Chunks are data that has been divided into different units. e.g. A paragraph is made of many sentence chunks, a sentence is made of many word chunks, an image frame in a video. By searching through chunks you can pinpoint more specifically where a match is occuring. When creating a chunk in your document use the suffix “chunk” and “chunkvector”. An example of a document with chunks:

>>> {
>>>     "_id" : "123",
>>>     "title" : "Lorem Ipsum Article",
>>>     "description" : "Lorem Ipsum is simply dummy text of the printing and typesetting industry. Lorem Ipsum has been the industry's standard dummy text ever since the 1500s, when an unknown printer took a galley of type and scrambled it to make a type specimen book. It has survived not only five centuries, but also the leap into electronic typesetting, remaining essentially unchanged.",
>>>     "description_vector_" : [1.1, 1.2, 1.3],
>>>     "description_sentence_chunk_" : [
>>>         {"sentence_id" : 0, "sentence_chunkvector_" : [0.1, 0.2, 0.3], "sentence" : "Lorem Ipsum is simply dummy text of the printing and typesetting industry."},
>>>         {"sentence_id" : 1, "sentence_chunkvector_" : [0.4, 0.5, 0.6], "sentence" : "Lorem Ipsum has been the industry's standard dummy text ever since the 1500s, when an unknown printer took a galley of type and scrambled it to make a type specimen book."},
>>>         {"sentence_id" : 2, "sentence_chunkvector_" : [0.7, 0.8, 0.9], "sentence" : "It has survived not only five centuries, but also the leap into electronic typesetting, remaining essentially unchanged."},
>>>     ]
>>> }

For combining chunk search with other search check out services.search.advanced_chunk.

Parameters
  • multivector_query (list) – Query for advance search that allows for multiple vector and field querying.

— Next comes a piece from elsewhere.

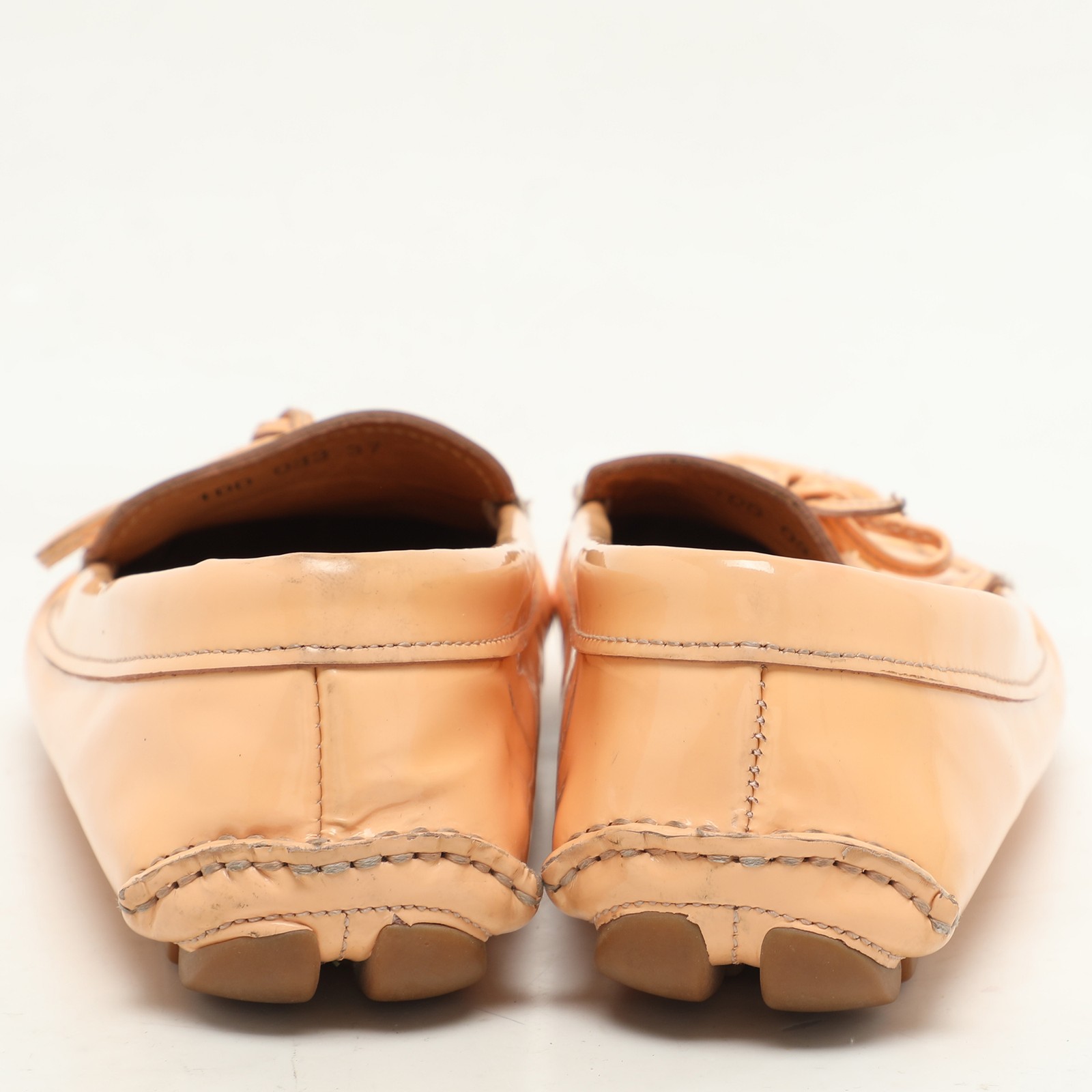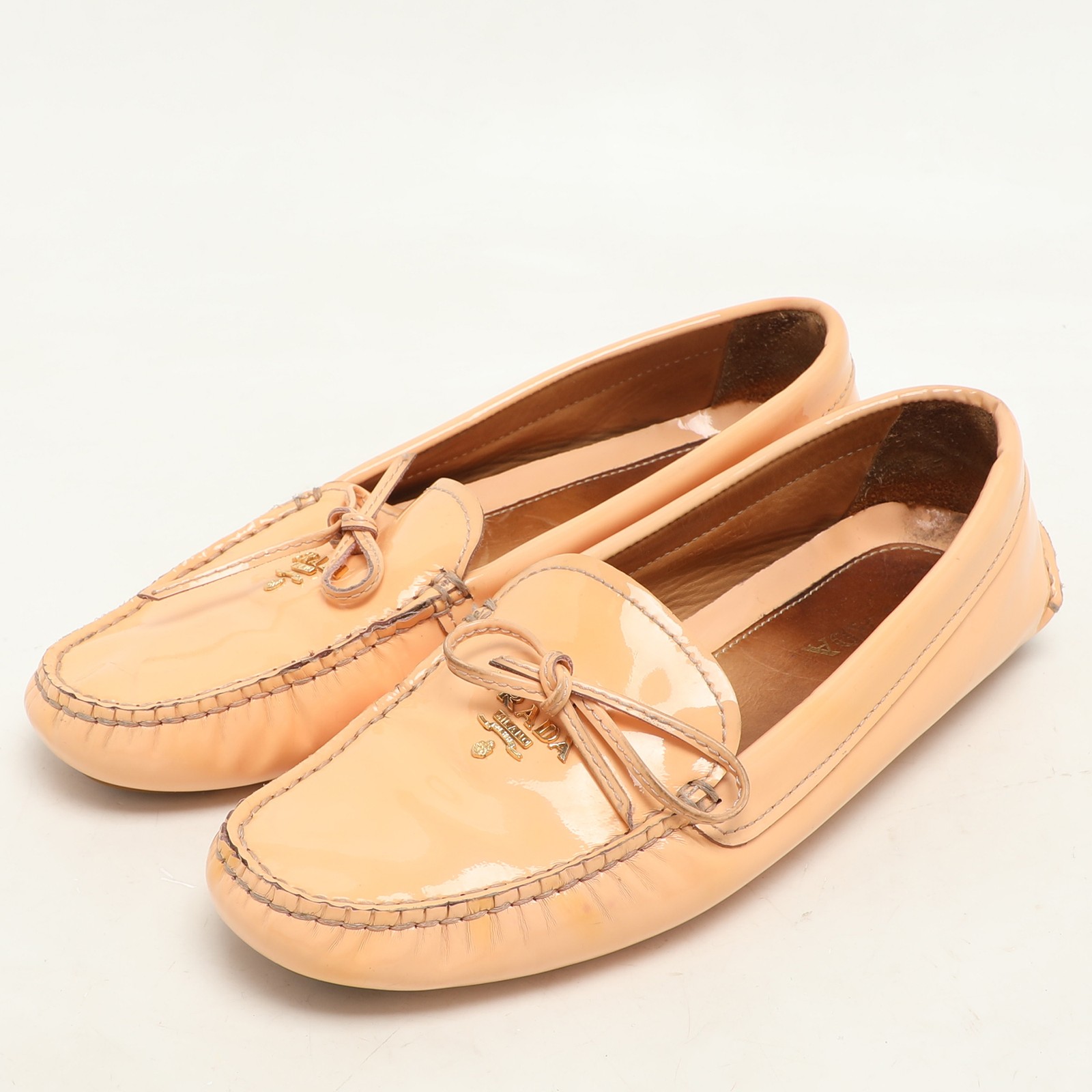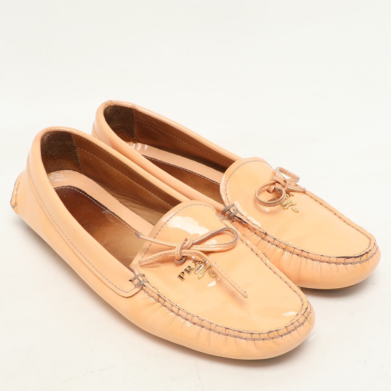 Refresh your wardrobe with these glossy peach patent leather loafers from Prada, featuring a clean silhouette and subtle logo accent. Ideal for springtime styling or adding warmth to neutral tones, they offer a refined pop of color with everyday ease.Certified by The Luxury Closet - This item has gone through a detailed authentication process overseen by our experts. We offer a lifetime guarantee of authenticity on all our items. Import duties, taxes and charges are not included in the item price. These charges are the buyers responsibility. Please check with your country’s customs office to determine what these additional cost will be prior to buying. Our eBay Store About Us Contact Us Add to Favorite Sellers Prada Peach Patent Leather Logo Loafers Size 37 $213.4 Refresh your wardrobe with these glossy peach patent leather loafers from Prada, featuring a clean silhouette and subtle logo accent. Ideal for springtime styling or adding warmth to neutral tones, they offer a refined pop of color with everyday ease. Product Details Brand Color Pink Dimensions Material Patent Leather Size 37 Outsole Width Outsole Length Heel Height Includes Certified by The Luxury Closet This item has gone through a detailed authentication process overseen by our experts. We offer a lifetime guarantee of authenticity on all our items. How We Check The in-house team of experts at The Luxury Closet is highly trained to verify the authenticity and the condition of the luxury products. They ensure that only 100% authentic items are put on sale.The evaluation process is unique with its own mix of assessment criteria and differs according to the category. Each item is evaluated based on the following combination of hallmarks, hardware, stitching, symmetry, material, craftsmanship, stamping, codes, hologram stickers, and packaging. Our authenticators also check if the items have been modified or amended (e.g., aftermarket diamonds, replaced batteries, repaired bags, etc.) International Buyers Import duties, taxes and charges are not included in the item price. These charges are the buyers responsibility. Please check with your country’s customs office to determine what these additional cost will be prior to buying.

  • chunk_field (string) – Field where the array of chunked documents are.

  • chunk_scoring (string) – Scoring method for determining for ranking between document chunks.

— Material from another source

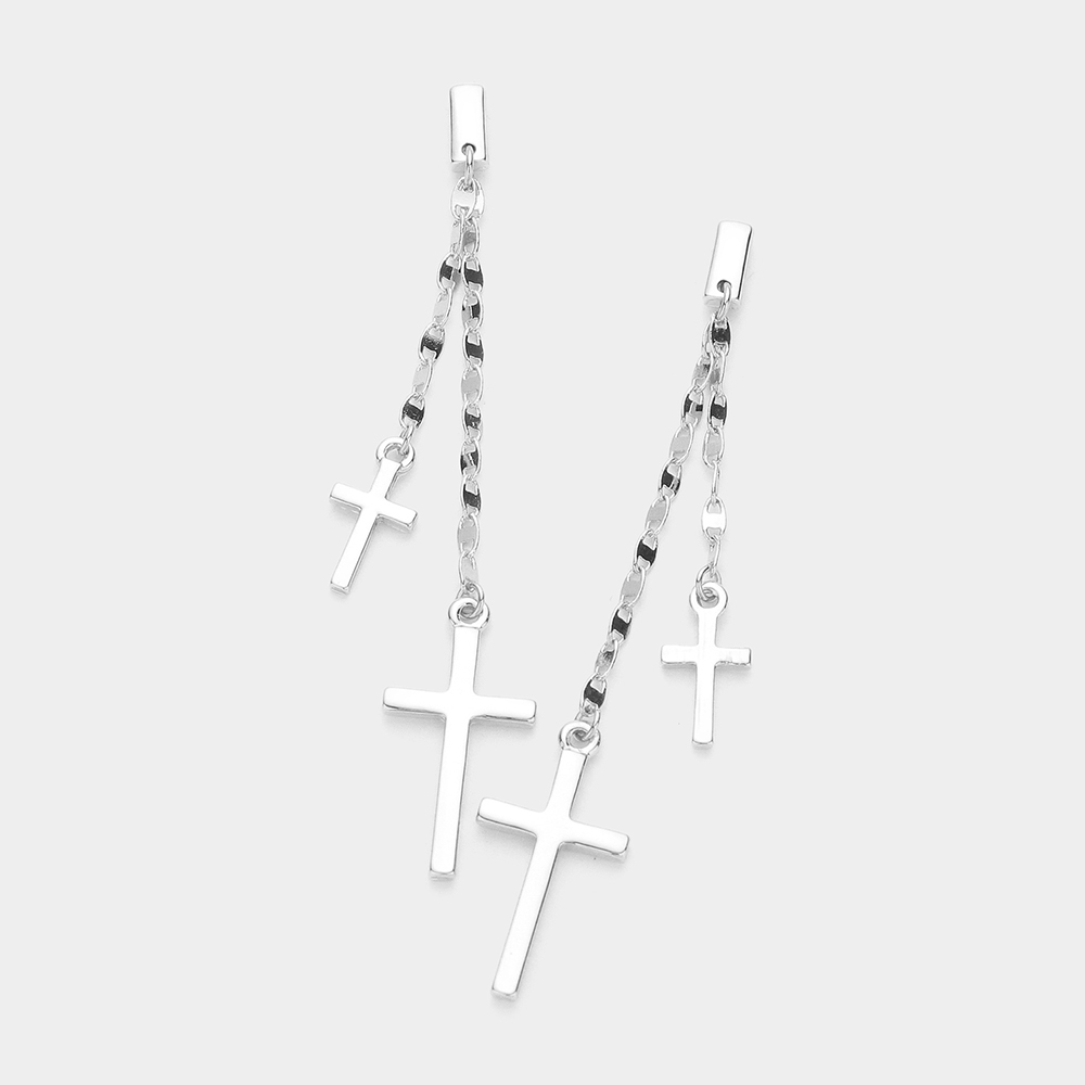 12PCS - Rhinestone Embellished Cross Charm Keychains

  • chunk_page_size (int) – Size of each page of chunk results

  • chunk_page (int) – Page of the chunk results

  • approximation_depth (int) – Used for approximate search to speed up search. The higher the number, faster the search but potentially less accurate.

  • sum_fields (bool) – Whether to sum the multiple vectors similarity search score as 1 or seperate

  • page_size (int) – Size of each page of results

  • page (int) – Page of the results

  • similarity_metric (string) – Similarity Metric, choose from [‘cosine’, ‘l1’, ‘l2’, ‘dp’]

  • facets (list) – Fields to include in the facets, if [] then all

  • filters (list) – Query for filtering the search results

  • min_score (int) – Minimum score for similarity metric

  • include_vector (bool) – Include vectors in the search results

  • include_count (bool) – Include the total count of results in the search results

  • asc (bool) – Whether to sort results by ascending or descending order

  • keep_search_history (bool) – Whether to store the history into Relevance. This will increase the storage costs over time.

  • hundred_scale (bool) – Whether to scale up the metric by 100

  • query (string) – What to store as the query name in the dashboard

Example

from relevanceai import Client
client = Client()
df = client.Dataset("sample")
results = df.chunk_search(
    chunk_field="_chunk_",
    multivector_query=MULTIVECTOR_QUERY
)

Multistep chunk search involves a vector search followed by chunk search, used to accelerate chunk searches or to identify context before delving into relevant chunks. e.g. Search against the paragraph vector first then sentence chunkvector after.

For more information about chunk search check out datasets.search.chunk.

For more information about vector search check out services.search.vector

Parameters
  • multivector_query (list) – Query for advance search that allows for multiple vector and field querying.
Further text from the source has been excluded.